YoloV5 is a one-stage object detection model that has been built upon all of its previous versions. It is a model that is still in the development phase, and since its first appearance in 2020, it has received multiple upgrades and architectural changes. There are three distinctive parts in the YoloV5 structure: backbone, neck and detection head. The backbone of YoloV5 is based on the Cross Stage Partial Networks technique [37] in which a copy of the feature map of the dense layer is sent to the next stage of the network. The rationale behind this processing is to increase feature propagation so that information is not lost after the convolutions, and also to mitigate problems related to vanishing gradients.

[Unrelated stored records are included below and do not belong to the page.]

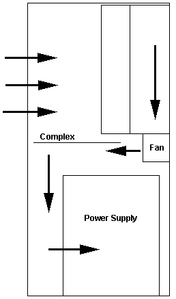Air is sucked over the top of the PSU, past the complex, over the memory, then into the PSU where it is blown out through the exhaust. Though looking at a PSU shows the memory has a blank surface in front of it, probably to force airflow past it.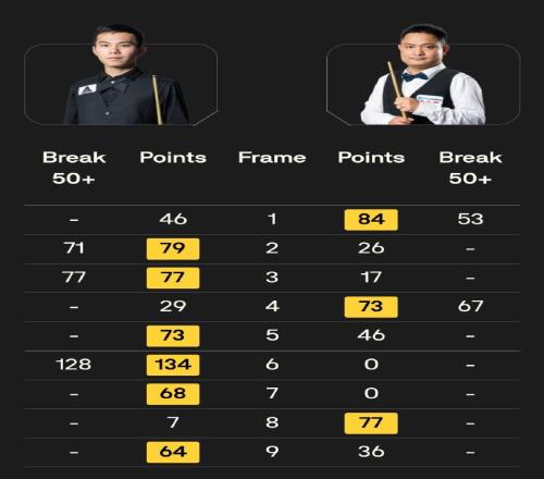 在本時段"中國德比"中,劉宏宇打出單桿71、77、128分,許醫(yī)塵打出單桿53、67分。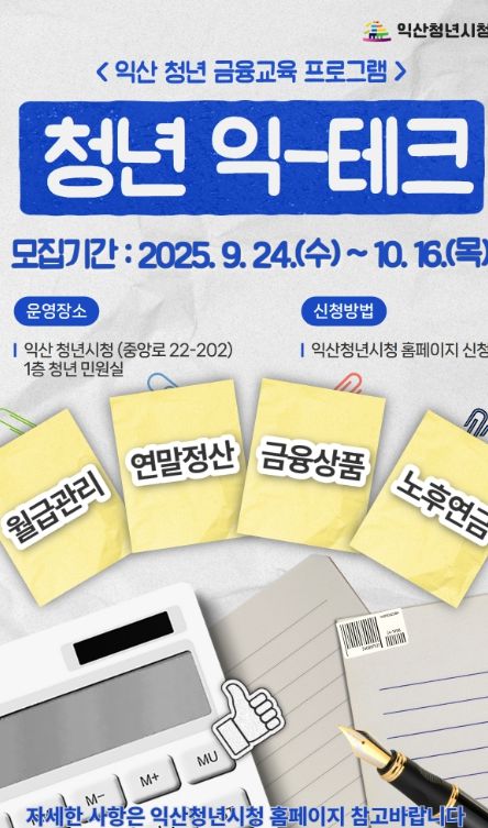익산시는 오는 10월 21일부터 12월 16일까지 청년 맞춤형 금융교육 '청년 익테크'를 진행한다고 23일 밝혔다.
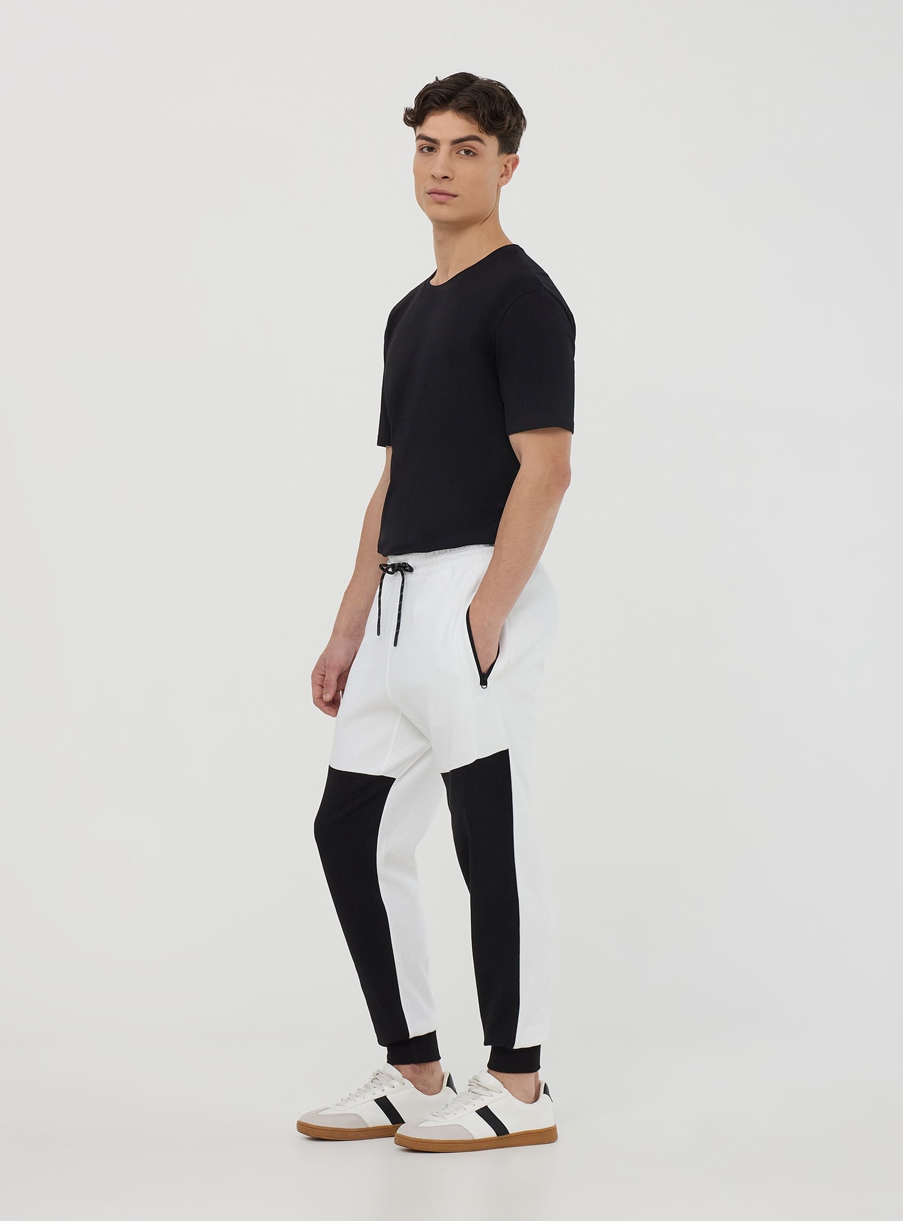 Pánské technické kalhoty s dvoubarevným designem a těžkou směsí bavlny, ideální pro sportovní a moderní vzhled. Mají praktické boční kapsy se zipem a nastavitelnou šňůrku v pase, nabízejí pohodlí a funkčnost. Perfektní pro venkovní tréninky nebo chvíle odpočinku, hodí se k mikinám nebo technickým tričkům pro dynamický a funkční styl.Detaily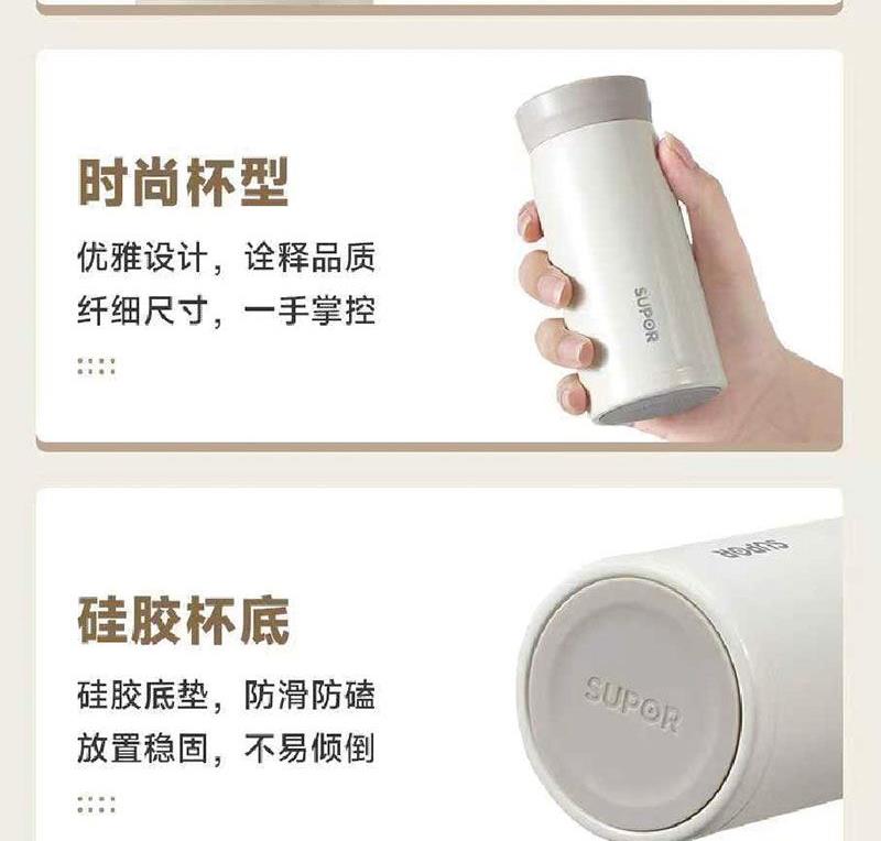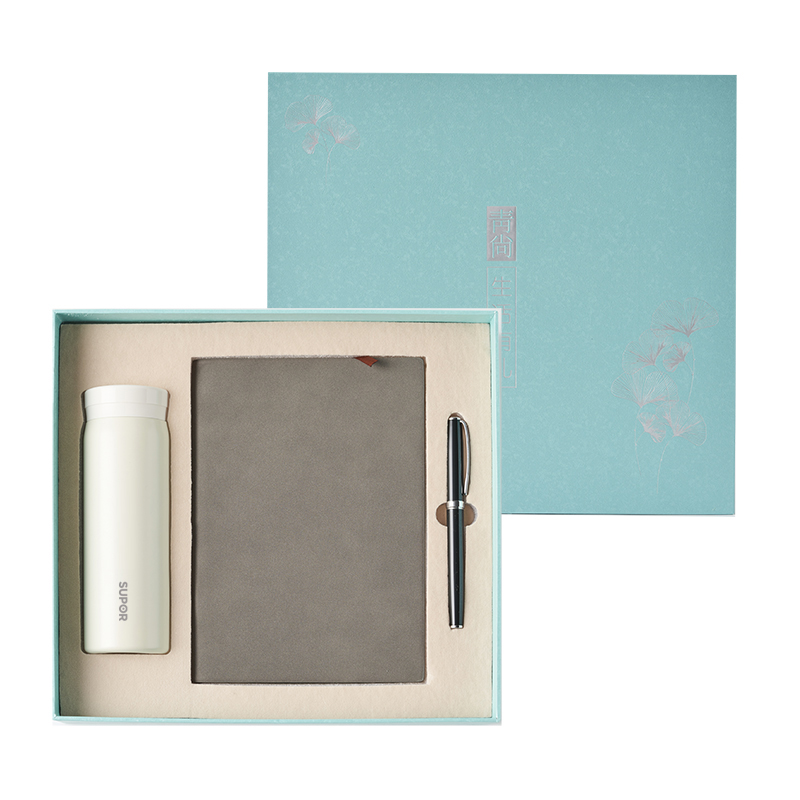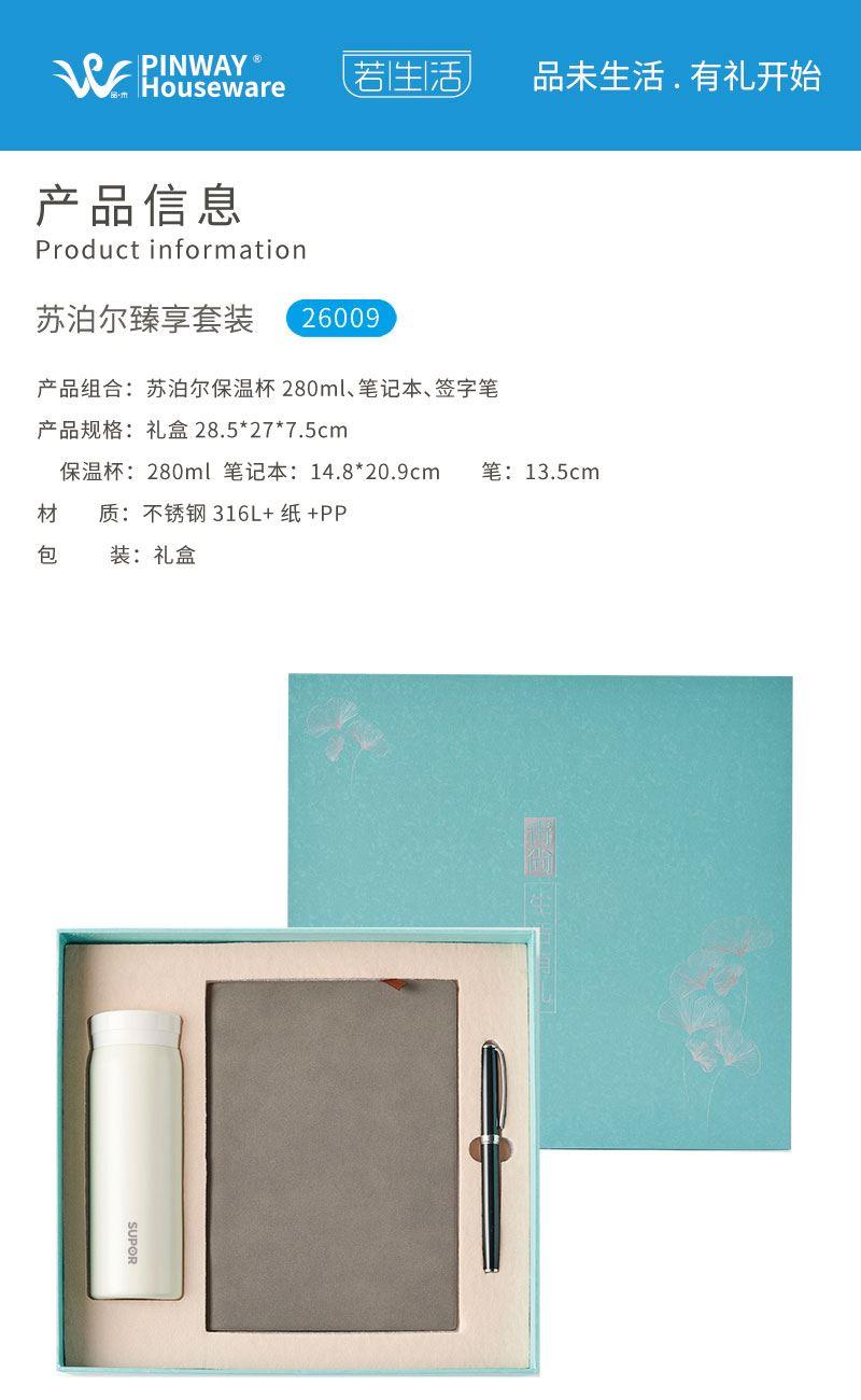 产品组合:苏泊尔保温杯280ml+笔记本+签字笔 产品规格:礼盒28.5*27*7.5cm 保温杯:280ml 笔记本:14.8*20.9cm 笔:13.5cm 材质:不锈钢316L+纸+PP 包装:精装礼盒

For the neck of this object detection model, a PA-Net is used. It works in a similar way to the FPN of the RetinaNet model, and it is used to generate a pyramid of features. As previously, object detection is performed on different scales. Finally, a detection head uses the features obtained from the neck to predict the bounding boxes and their corresponding scores. The YoloV5 uses 3 different output scales to predict different scale objects in a given image. The largest convolutional output is responsible for detecting the largest scale object and vice versa.

In YoloV5 models, anchor box priors are used to predict bounding boxes in every image. The choice of these priors is made using a genetic algorithm to evolve the anchors into an optimal size and scale using recall as the metric to optimise.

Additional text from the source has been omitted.